## Problem
Exact transcription, pictures omitted: reproduce the listing below.

## Collected material

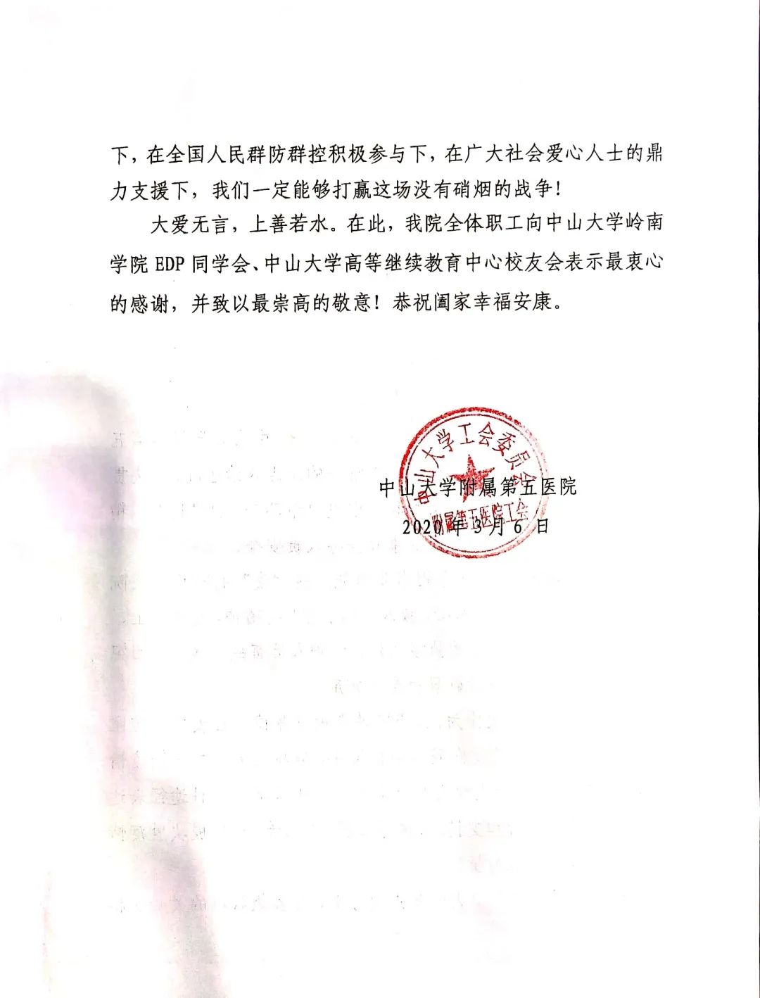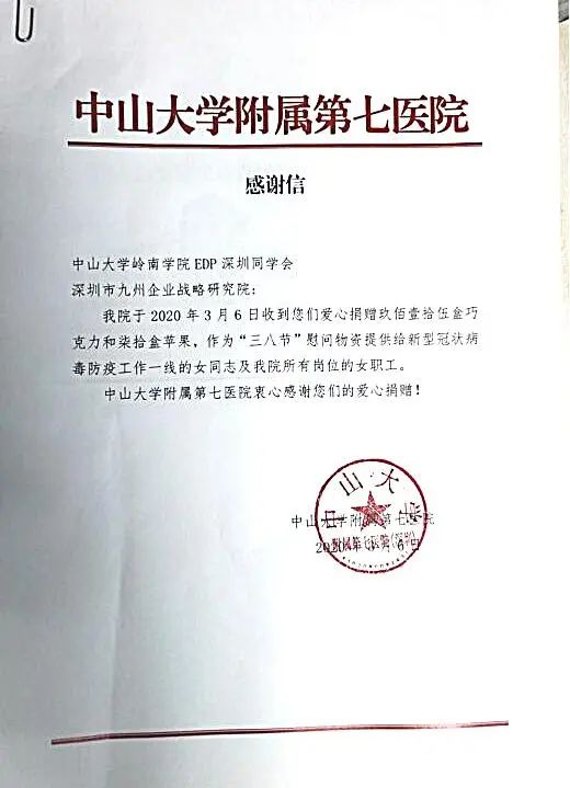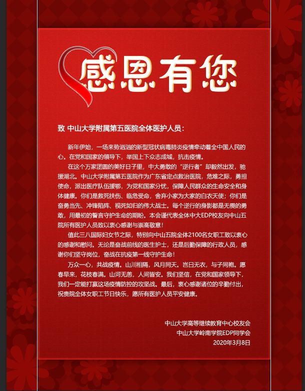 为了致敬最美白衣天使,在这个特殊节日前夕,3月6日下午,中山大学高等继续教育中心校友会、中山大学岭南学院EDP同学会和EDP同学会深圳分会,分别去到珠海市中山大学附属第五医院和深圳市中山大学附属第七医院,向奋战在抗击疫情一线的医护工作者致以衷心感谢和崇高敬意!
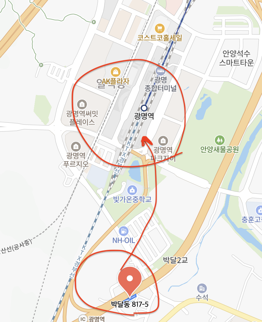 거리가 조금 있어 주차 후 대중교통을 이용하여 광명역으로 이동을 해야하지만, 무료라는 최대의 장점이 있습니다.
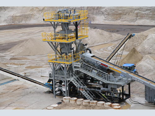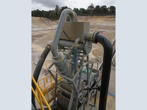 “Material is fed to the pump from where it is then fed to the hydro cyclones, which recover down to 30µ and eliminate undesirable particles (clay, silt, etc.). The washed product discharged from the hydro cyclones is then delivered to the dewatering screen to reduce the moisture content of the final product and thus obtain an easy-to-handle, top-quality material. The hydro cyclone overflow containing rejected particles is discharged to the settling pond or can be reprocessed in the subsequent clarification and filtering stages, thus minimizing environmental impact and reusing the water employed in the process.”

## Written response
 为了致敬最美白衣天使,在这个特殊节日前夕,3月6日下午,中山大学高等继续教育中心校友会、中山大学岭南学院EDP同学会和EDP同学会深圳分会,分别去到珠海市中山大学附属第五医院和深圳市中山大学附属第七医院,向奋战在抗击疫情一线的医护工作者致以衷心感谢和崇高敬意!
 거리가 조금 있어 주차 후 대중교통을 이용하여 광명역으로 이동을 해야하지만, 무료라는 최대의 장점이 있습니다.
 “Material is fed to the pump from where it is then fed to the hydro cyclones, which recover down to 30µ and eliminate undesirable particles (clay, silt, etc.). The washed product discharged from the hydro cyclones is then delivered to the dewatering screen to reduce the moisture content of the final product and thus obtain an easy-to-handle, top-quality material. The hydro cyclone overflow containing rejected particles is discharged to the settling pond or can be reprocessed in the subsequent clarification and filtering stages, thus minimizing environmental impact and reusing the water employed in the process.”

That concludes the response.